L’art. 570 codice penale individua tre distinte condotte criminose.
Il primo comma punisce chiunque abbandonando il domicilio domestico o comunque serbando una condotta contraria all’ordine o alla morale si sottrae agli obblighi di assistenza.
Sussiste la condotta di abbandono del domicilio domestico quando il soggetto, dopo aver costituito il domicilio domestico, lo abbandona illegittimamente, sottraendosi agli obblighi derivanti dalla coabitazione nei confronti del coniuge o di coloro che sono soggetti alla sua potestà.
Il reato sarà integrato solo nel caso in cui l’abbandono abbia determinato la rottura dell’unione familiare e sia avvenuto in assenza di una giusta causa, laddove per giusta causa si intendono ragioni di carattere interpersonale tra i coniugi che non consentano la prosecuzione della vita in comune.
Affinchè invece sussista una condotta contraria all’ordine o alla morale non è sufficiente qualsiasi comportamento immorale, ma è necessario per la configurazione dell’azione criminale la violazione specifica degli obblighi assistenziali inerenti alla responsabilità genitoriale, alla tutela legale e alla qualità di coniuge o convivente.
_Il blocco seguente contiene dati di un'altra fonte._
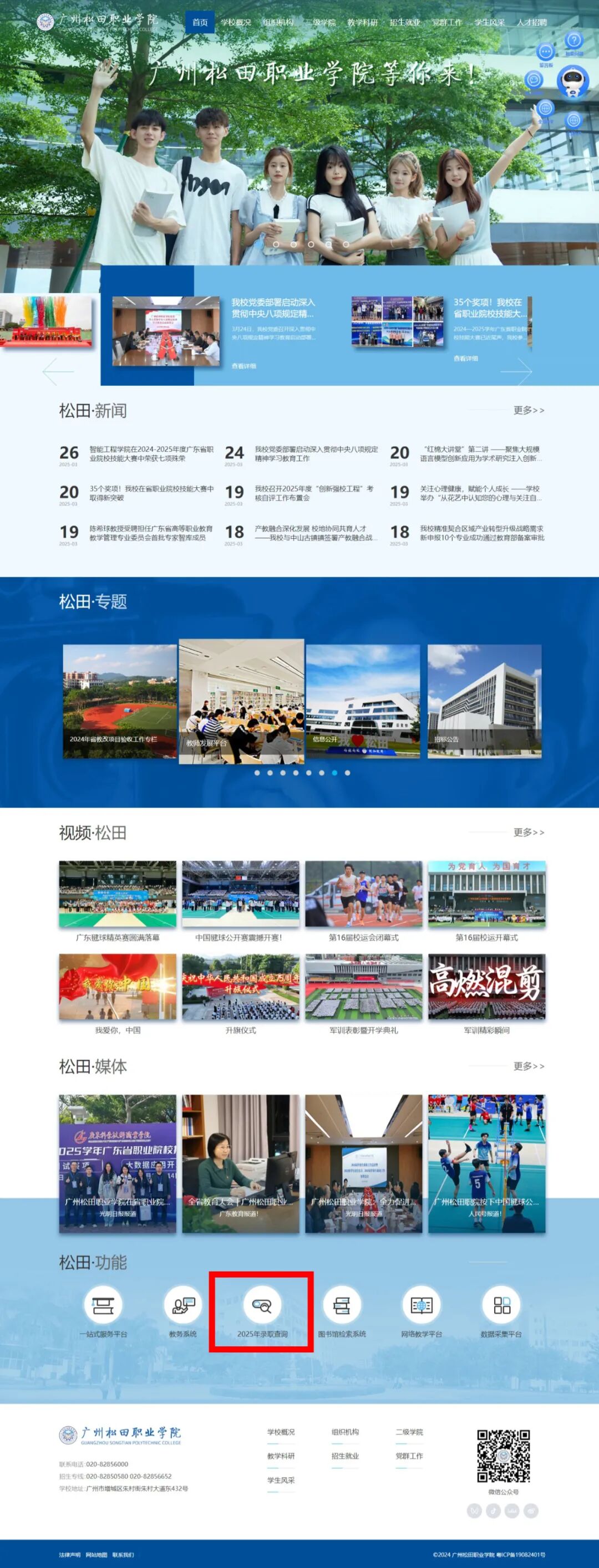 我校目前已在“广州松田职业学院微信公众号”“广州松田职业学院官网”两大官方平台开设了“录取查询”功能。查询系统预计在3月29日开启,考生可根据自己的姓名、身份证登录以上平台查询录取专业情况。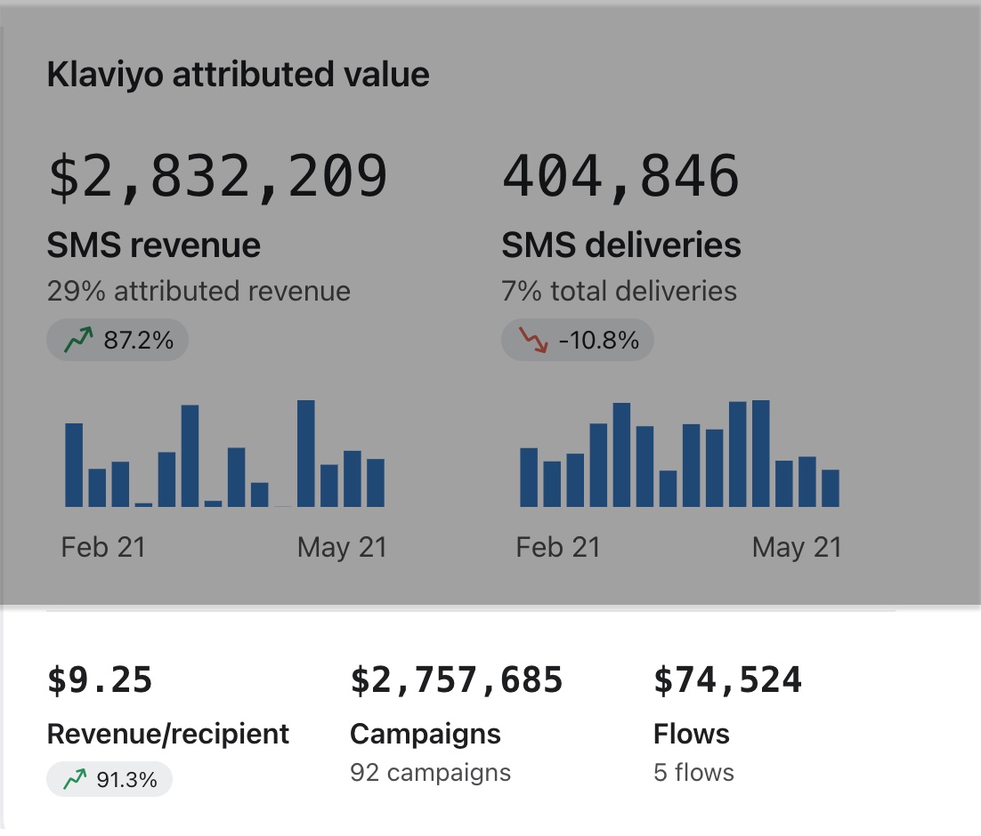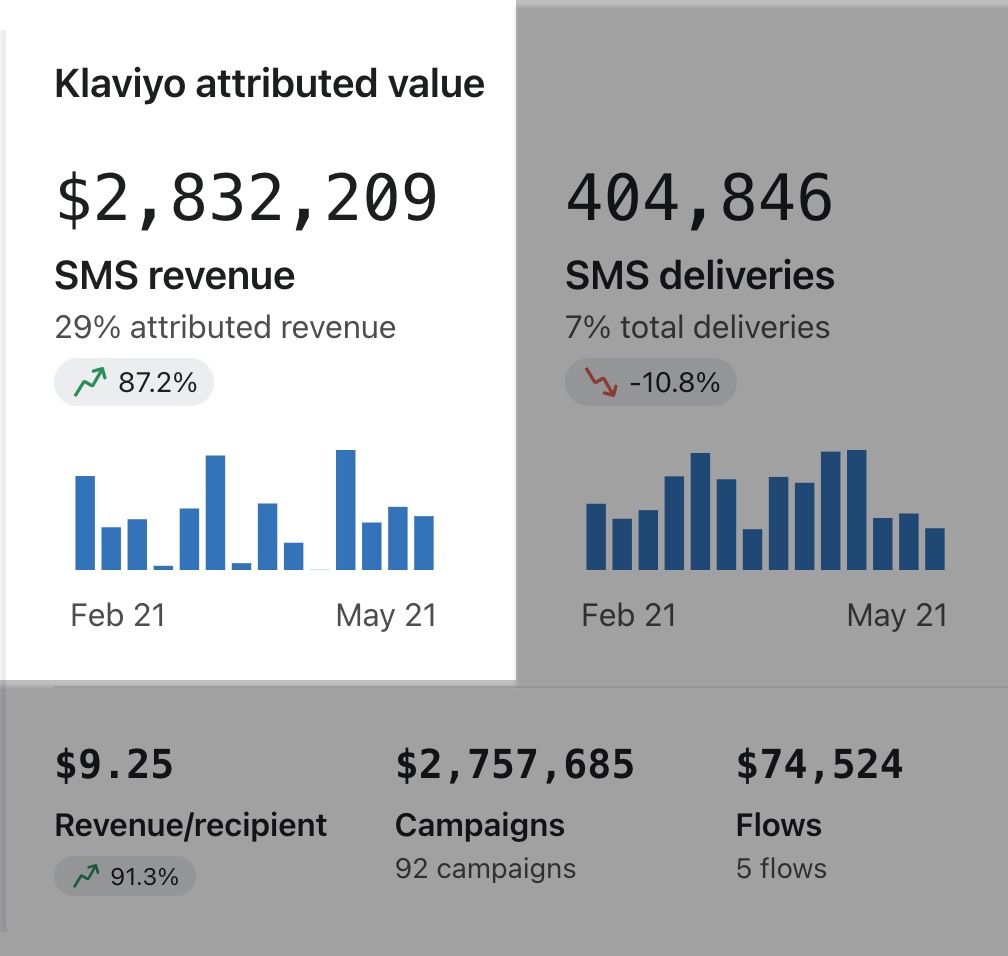Górna duża liczba to całkowita wartość przypisana Klaviyo (KAV) (przychody / przychód lub całkowita liczba, w zależności od wybranej konwersji metryki). Procent poniżej tej wartości reprezentuje SMS-y ze wszystkich połączonych kanałów (29% w poniższym przykładzie). Innymi słowy, jeśli korzystasz z poczty e-mail, Push i SMS razem, odsetek ten stanowi przypisany przychód lub konwersję dla samego SMS.

Il secondo comma dell’art. 570 c.p. al n. 1 punisce la malversazione e dilapidazione dei beni del figlio minorenne o del coniuge, ovvero la condotta di chi si appropria o distrae a proprio favore beni mobili o immobili e che tale condotta dolosa sia reiterata nel tempo, nonché la dilapidazione dei beni del figlio minore o del coniuge, che si concretizza nello sperperare, anche solo parzialmente, il patrimonio di cui si abbia l’amministrazione.
Infine, l’art. 570, comma due n. 2, nel punire la mancata prestazione dei mezzi di sussistenza, tutela una categoria più ristretta di soggetti, rispetto a quella tutelata in sede civilistica: il coniuge non legalmente superato per sua colpa, i discendenti di età minore, ovvero inabili al lavoro e gli ascendenti.
Per mezzi di sussistenza si intende ciò che è strettamente indispensabile all’esistenza, indipendentemente dalle condizioni sociali o di vita pregresse degli aventi diritto, come il vitto, l’abitazione, i canoni per le utenze indispensabili, i medicinali, le spese per l’istruzione dei figli e il vestiario.
La violazione si determina quando sono presenti: lo stato di bisogno, a prescindere dal fatto che alla sussistenza della prole abbia provveduto o possa provvedere l’altro coniuge, la concreta capacità economica dell’obbligato a fornire gli stessi e che l’omissione sia intenzionalmente preordinata a privare materialmente i soggetti destinatari dei mezzi di sussistenza primaria, creando in tal modo una condizione di disagio in relazione alle basilari esigenze della vita quotidiana.
Tuttavia il reato non è configurabile nei confronti di chi si trovi nell’incapacità patrimoniale di adempiere alle proprie obbligazioni assistenziali. Tale indigenza va rigorosamente provata dal momento che l’incapacità economica deve essere assoluta e integrare una situazione di persistente, oggettiva e incolpevole indisponibilità di introiti. A tal riguardo, l’allegazione dello stato di disoccupazione dell’obbligato non rappresenta necessariamente una scriminante, ma sarà necessario approfondire se tale stato sia attribuibile o meno ad una scelta volontaria del soggetto.
Elemento soggettivo del reato di cui all’articolo 570 c.p. è il dolo generico, ovvero la coscienza e la volontà di venire meno ai propri obblighi assistenziali.
Il termine per proporre querela decorre dal giorno in cui la persona offesa ha piena contezza del persistente inadempimento della persona obbligata, quale indice univoco, in assenza di cause di giustificazione, della violazione dell’obbligo di legge.